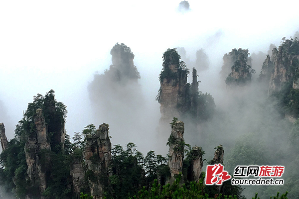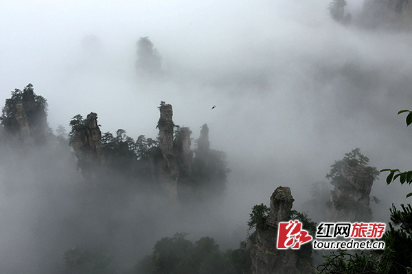 連續的強降雨為張家界武陵源天子山景區帶來了雨霧繚繞的仙境般美景。
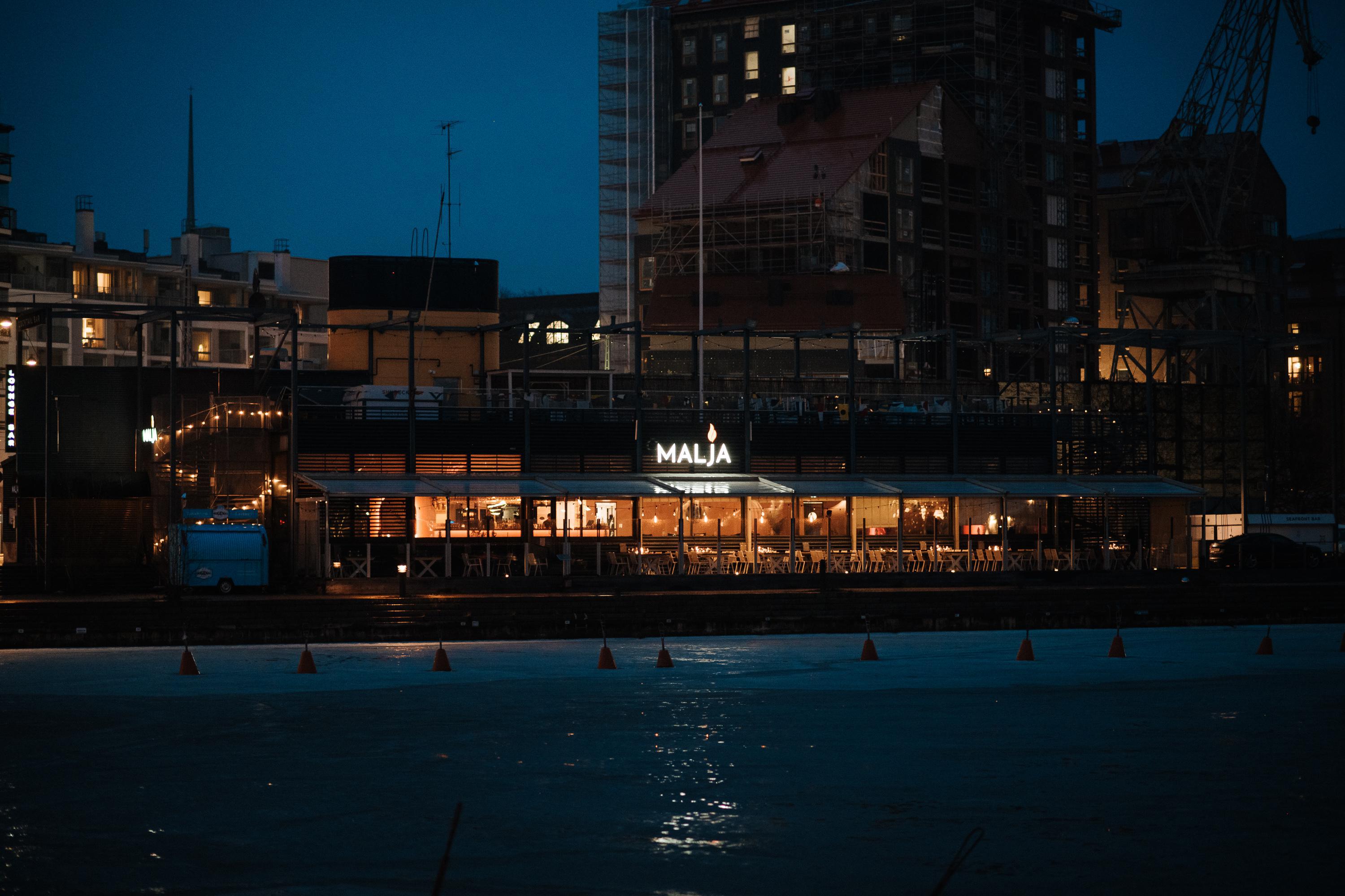 SV: Malja är en varm och välkomnande cocktail bar vid Sandvikskajen i Helsingfors.
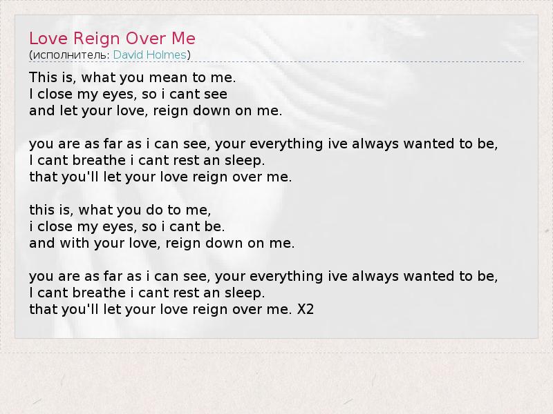 А как ты думаешь, о чем песня "Love Reign Over Me" ?
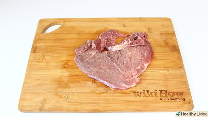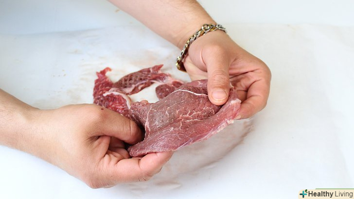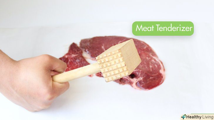 Виберіть інструмент для розм'якшення м'яса.є два варіанти, які краще підійдуть при механічному розм'якшенні. Або ви можете використовувати справжній молоток для відбивання м'яса (який виглядає як середньовічне знаряддя для тортур) або ніж. Вибір за вами.- Розм'якшіть м'ясо.Розм'якшення м'яса по суті означає, що ви, попередньо жуючи м'ясо інструментом, робите його тонше і ніжніше.
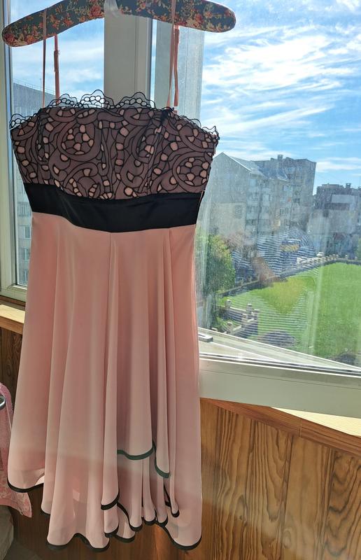 Нарядне плаття пудрового кольору. На грудях чорне мереживо.

══════════

**What to produce**
Leave every picture out and write out exactly the lines from the line with "SV: Malja är" through the last line of the material.

**Task result**
 SV: Malja är en varm och välkomnande cocktail bar vid Sandvikskajen i Helsingfors.
 А как ты думаешь, о чем песня "Love Reign Over Me" ?
 Виберіть інструмент для розм'якшення м'яса.є два варіанти, які краще підійдуть при механічному розм'якшенні. Або ви можете використовувати справжній молоток для відбивання м'яса (який виглядає як середньовічне знаряддя для тортур) або ніж. Вибір за вами.- Розм'якшіть м'ясо.Розм'якшення м'яса по суті означає, що ви, попередньо жуючи м'ясо інструментом, робите його тонше і ніжніше.
 Нарядне плаття пудрового кольору. На грудях чорне мереживо.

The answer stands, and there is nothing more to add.